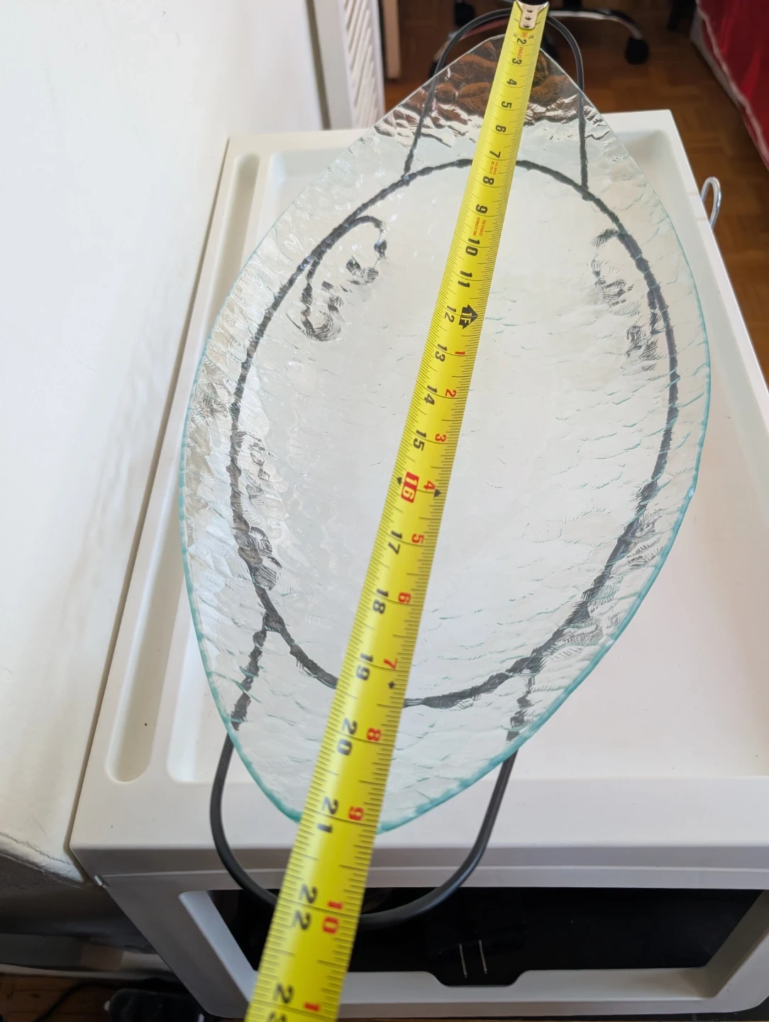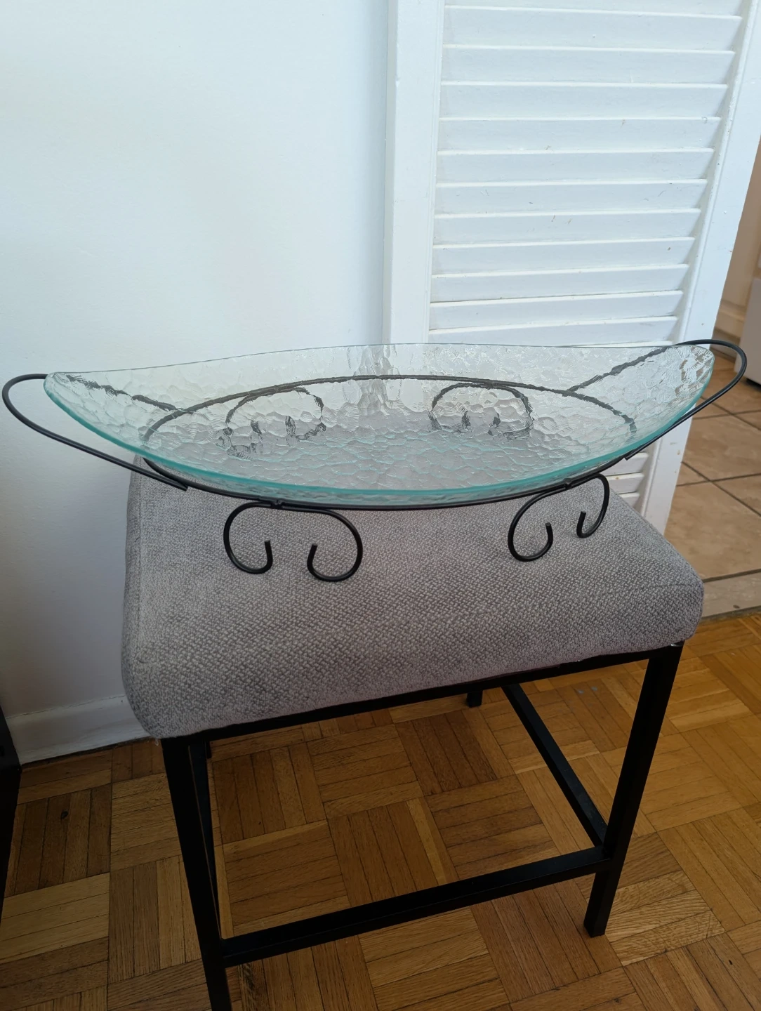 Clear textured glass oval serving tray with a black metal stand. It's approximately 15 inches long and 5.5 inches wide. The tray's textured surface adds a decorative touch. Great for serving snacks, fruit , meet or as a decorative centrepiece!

...

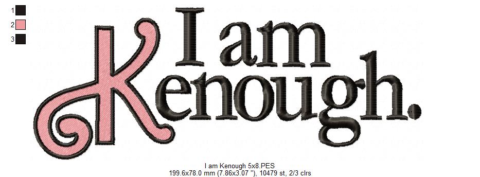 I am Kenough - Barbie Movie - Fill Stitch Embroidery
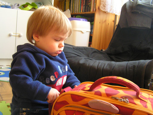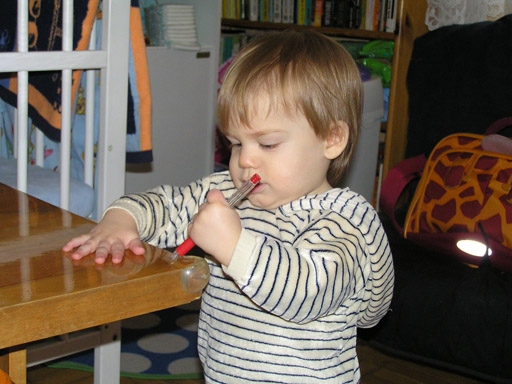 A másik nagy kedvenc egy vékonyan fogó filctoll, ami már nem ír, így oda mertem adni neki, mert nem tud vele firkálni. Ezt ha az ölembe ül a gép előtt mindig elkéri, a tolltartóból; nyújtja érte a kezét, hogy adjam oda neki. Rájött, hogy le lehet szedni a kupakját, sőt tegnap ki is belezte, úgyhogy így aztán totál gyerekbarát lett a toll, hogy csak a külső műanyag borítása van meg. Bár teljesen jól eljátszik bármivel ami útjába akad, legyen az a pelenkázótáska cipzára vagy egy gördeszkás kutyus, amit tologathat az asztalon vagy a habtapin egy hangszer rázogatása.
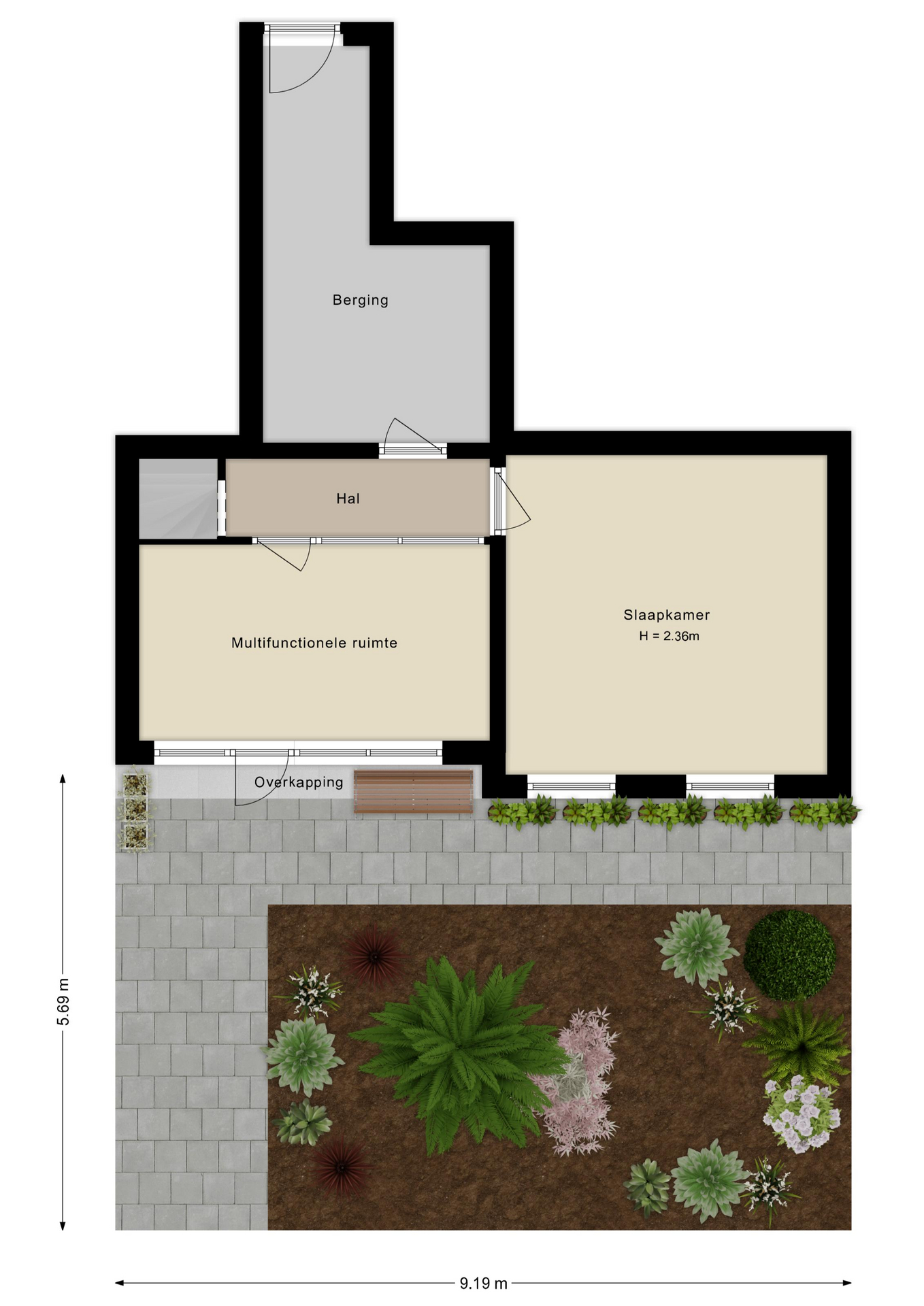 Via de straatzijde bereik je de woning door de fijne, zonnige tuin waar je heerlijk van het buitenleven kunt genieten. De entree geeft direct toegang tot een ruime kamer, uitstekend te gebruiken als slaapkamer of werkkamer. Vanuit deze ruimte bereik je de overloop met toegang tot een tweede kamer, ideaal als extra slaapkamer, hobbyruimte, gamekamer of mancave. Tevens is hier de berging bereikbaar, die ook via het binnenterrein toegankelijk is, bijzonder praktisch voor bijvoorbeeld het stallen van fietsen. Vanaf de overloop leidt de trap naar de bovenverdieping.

Work item:
Give back exactly the lines above that run from the one with "A másik nagy" to the one with "Via de straatzijde", including both, with the pictures left out.

Final answer:
 A másik nagy kedvenc egy vékonyan fogó filctoll, ami már nem ír, így oda mertem adni neki, mert nem tud vele firkálni. Ezt ha az ölembe ül a gép előtt mindig elkéri, a tolltartóból; nyújtja érte a kezét, hogy adjam oda neki. Rájött, hogy le lehet szedni a kupakját, sőt tegnap ki is belezte, úgyhogy így aztán totál gyerekbarát lett a toll, hogy csak a külső műanyag borítása van meg. Bár teljesen jól eljátszik bármivel ami útjába akad, legyen az a pelenkázótáska cipzára vagy egy gördeszkás kutyus, amit tologathat az asztalon vagy a habtapin egy hangszer rázogatása.
 Via de straatzijde bereik je de woning door de fijne, zonnige tuin waar je heerlijk van het buitenleven kunt genieten. De entree geeft direct toegang tot een ruime kamer, uitstekend te gebruiken als slaapkamer of werkkamer. Vanuit deze ruimte bereik je de overloop met toegang tot een tweede kamer, ideaal als extra slaapkamer, hobbyruimte, gamekamer of mancave. Tevens is hier de berging bereikbaar, die ook via het binnenterrein toegankelijk is, bijzonder praktisch voor bijvoorbeeld het stallen van fietsen. Vanaf de overloop leidt de trap naar de bovenverdieping.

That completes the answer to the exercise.